Awards: Newberry Honor Book

It was Old Bess, the Wise Woman of the village, who first suspected that the baby at her daughter's house was a changeling.
For a time she held her peace. Many babies were I'll-favored, she told herself. Many babies cried with what seemed like fury against the world - though this little Saaski had not done so as a newborn. It even seemed to Old Bess that the child had not looked quite like this for the first few months, but somehow she could never quite remember.
Moql was one of the Folk, a young magical creature who spent her time learning the ways of her people and playing on the Moor. Except Moql isn't like the other young Folk. She isn't as skilled as they are - and that can get them all in trouble. Declared a danger to the band, half-Folk, half-Human Moql is banished, exchanged for one of the beautiful human children in the nearby village. She becomes a Changeling.
Banished to human existence, Moql becomes Saaski and quickly forgets the life she left behind. Unfortunately for Saaski, forgetting doesn't make her any more human, and her odd ways quickly make her a target for the other children's hostilities and causes no end of trouble for her and her 'parents'.

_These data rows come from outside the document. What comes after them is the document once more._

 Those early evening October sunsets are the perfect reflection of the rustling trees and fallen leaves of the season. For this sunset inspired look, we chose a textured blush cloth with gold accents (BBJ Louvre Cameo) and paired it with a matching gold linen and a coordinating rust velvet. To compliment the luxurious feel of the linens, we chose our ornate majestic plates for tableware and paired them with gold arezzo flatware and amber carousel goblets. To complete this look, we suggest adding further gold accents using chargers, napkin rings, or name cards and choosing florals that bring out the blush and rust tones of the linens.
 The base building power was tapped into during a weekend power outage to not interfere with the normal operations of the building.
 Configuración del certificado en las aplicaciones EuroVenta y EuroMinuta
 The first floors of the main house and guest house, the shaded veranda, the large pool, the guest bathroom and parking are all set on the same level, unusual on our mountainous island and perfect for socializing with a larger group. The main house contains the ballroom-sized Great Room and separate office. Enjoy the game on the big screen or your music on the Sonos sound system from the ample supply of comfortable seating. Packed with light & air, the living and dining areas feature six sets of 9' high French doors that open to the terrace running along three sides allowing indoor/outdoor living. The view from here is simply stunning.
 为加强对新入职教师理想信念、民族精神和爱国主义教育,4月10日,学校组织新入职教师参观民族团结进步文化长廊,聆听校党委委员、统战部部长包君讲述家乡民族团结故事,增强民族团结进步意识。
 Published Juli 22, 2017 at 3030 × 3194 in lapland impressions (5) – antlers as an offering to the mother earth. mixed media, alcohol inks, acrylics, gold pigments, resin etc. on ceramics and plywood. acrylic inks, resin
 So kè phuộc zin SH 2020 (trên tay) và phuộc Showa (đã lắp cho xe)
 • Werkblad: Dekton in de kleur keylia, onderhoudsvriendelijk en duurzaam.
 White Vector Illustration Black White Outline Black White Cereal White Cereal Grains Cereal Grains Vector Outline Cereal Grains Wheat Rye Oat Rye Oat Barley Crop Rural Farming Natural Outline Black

It is only on the moor, free to run and roam with her music and Tam, the traveling companion of a tinker, and her only friend, that she has any peace. But what happens when the village people are no longer willing to live with her oddities. What happens when she starts to remember?
I thoroughly enjoyed The Moorchild for it's innocence and old-world charm. Despite the darker passages dealing with poor Saaski's treatment by the other villagers (rather Grimm-like, I felt), the book on the whole had a wonderfully European fairytale atmosphere which was a far cry from the current slew of fairy novels written for children at the moment.
The books was rich in texture, layering local dialects (beautifully reminiscent of The Secret Garden) over old-world folktales to create a very authentic window into this folksy world.
Definitely recommended for fairytale lovers of any age.